In a related matter, a consumer filed suit last week seeking to force approval of a CPUC ruling barring SDG&E from passing on $379 million in its wildfire costs to consumers.  Taxpayer Ruth Henricks, represented by Michael Aguirre with Aguirre & Severson, accuses the CPUC in a federal complaint of twice refusing to confirm an August 2017 decision that denied SDG&E’s application to pass along those costs to ratepayers.  The decision was made by two CPUC administrative law judges who found that SDG&E “did not reasonably manage and operate its facilities prior to the 2007 Southern California wildfires.”

She accuses the CPUC of delaying “so as to provide an opportunity for SDG&E and its utilities monopoly kin—PG&E and SCE, neither who had been a party in the proceedings evidentiary hearings—to meet privately with the commissioners and lobby against the ALJ’s proposed decision denying SDG&E its request to lay the burden of its $379 fire cots on ratepayers, instead of on the management found to have acted imprudently and unreasonably,” the complaint states. 

It further accuses the CPUC regulatory agency of being under control of utilities it is mandated to regulate, thus violating Henricks' due process.  Henricks, who participated in evidentiary hearings and cross examined witnesses on fire costs, contends that defendant Michael Picker, CPUC president, improperly allowed SDG&E to make arguments in ex-parte private communications with commission advisors outside the evidentiary hearing record – similar to the ex-parte private meetings that PG&E and Edison representatives have now had with the CPUC. 

Both PG&E and SCE have been added as parties to the proceedings, according to Courthouse News.  Power lines in northern California have been blamed for some of the recent fires there, just as three of the 2007 fires were found by Cal-Fire to have been caused by SDG&E lines as well as  in one fire, Cox Cable equipment. 

SDG&E has repeatedly contended that its equipment was properly maintained and denied that its lines were at fault for the fires.  The company has also noted that it has made significant investment in fire-hardening its infrastructure  and other safety improvements since the 2007 firestorms.

Now PG&E and Edison seek to raise an inverse condemnation defense in order to pass along costs of  uninsured wildfire losses to ratepayers. Henricks seeks an injunction to prohibit the CPUC from authorizing such charges.
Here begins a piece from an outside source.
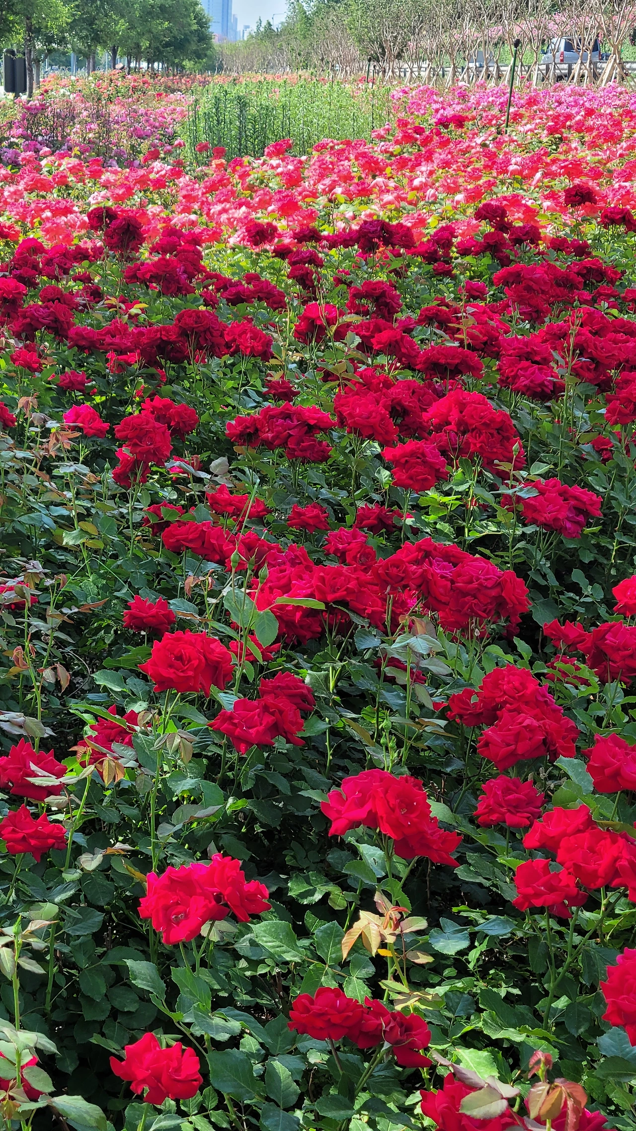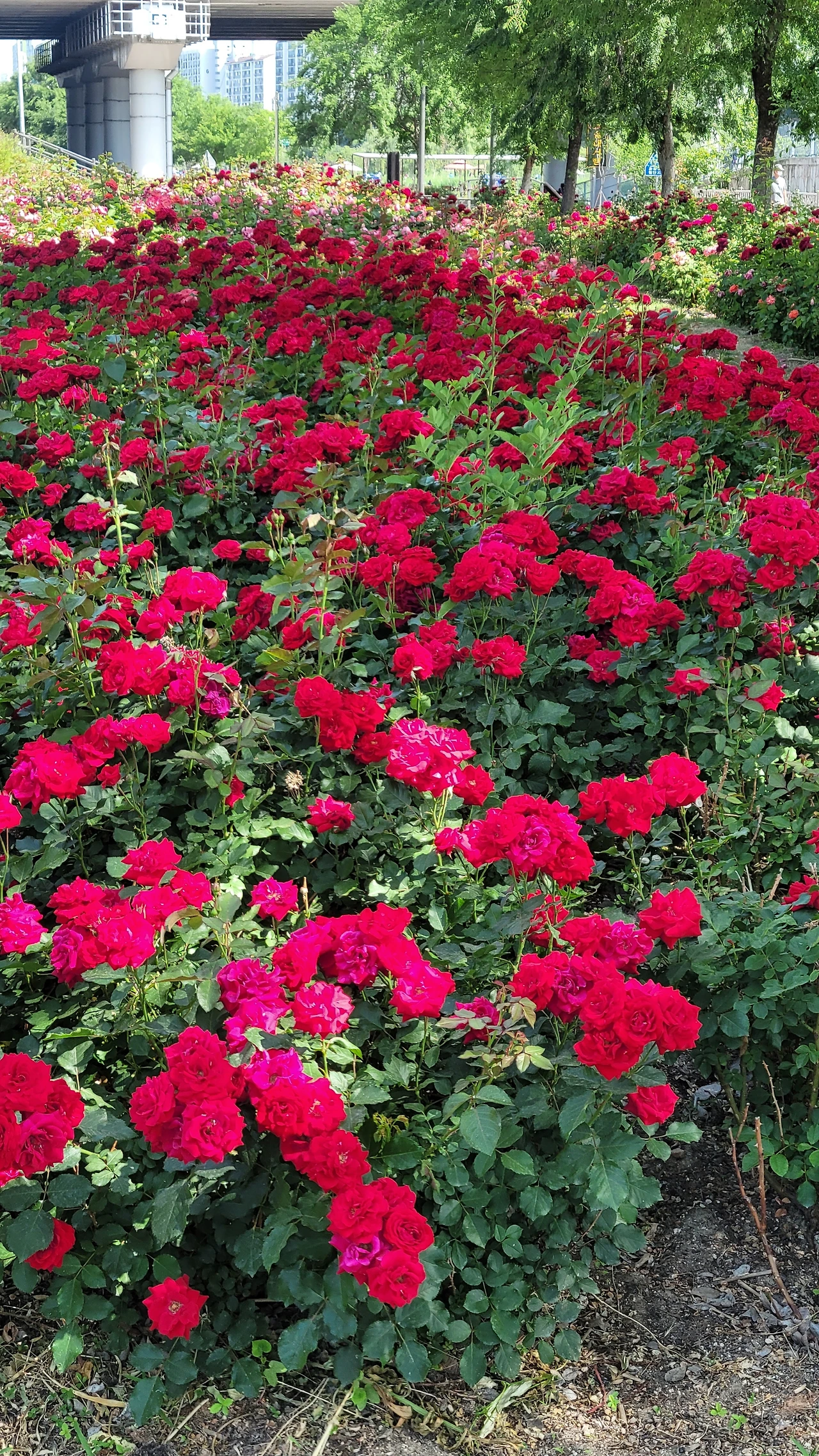 오월을 빛내는 꽃은 단연 장미를 꼽을 수 있다. 동부간선 도로변에는 덩굴장미가 띠를 두르듯 길게 늘어져 꽃이 만발하여 고급스럽다. 자전거 도로 길 옆에도 셀 수 없는 장미꽃이 피어 꽃밭이 장관을 이루고 있다. 형형색색의 장미가 저마다 미모를 자랑하며 길가를 수놓고 있는 길이 햇살아래 눈부시다. 다양한 컬러와 여러 가지 모양의 장미가 군락을 이루며 피었는데 압권은 역시 붉은 장미가 아닐 수 없다. 진녹색의 잎들에 둘러싸여 핏빛 같은 붉은빛을 뿜어내는 장미가 선명한 보색으로 빼어난 정경을 선보인다. 붉은 장미가 정열적인 사랑의 기운을 매혹이라는 단어로 마음에 아로새긴다. 거기에 더하여 강렬하게 마음을 흔드는 고혹적인 향기가 코를 매료시킨다. 좋은 냄새도 많지만 장미 향기처럼 우아하면서 자극적인 향기도 없는 것 같다. 붉은 장미와 정열적인 사랑은 태생부터 하나인 것처럼 느껴진다.

A proposed bill in Sacramento could prevent utilties from charging ratepayers for costs of wildfires caused by negligence, the San Francisco Chronicle reports.  State Senator Jerry Hill, author of the measure, calls such charging an "outrage," adding in a press release, "“Victims of devastating fires and other customers should not be forced to pay for the mistakes made by utilities. It’s time to stop allowing utilities to push the burden of their negligence onto the backs of customers.”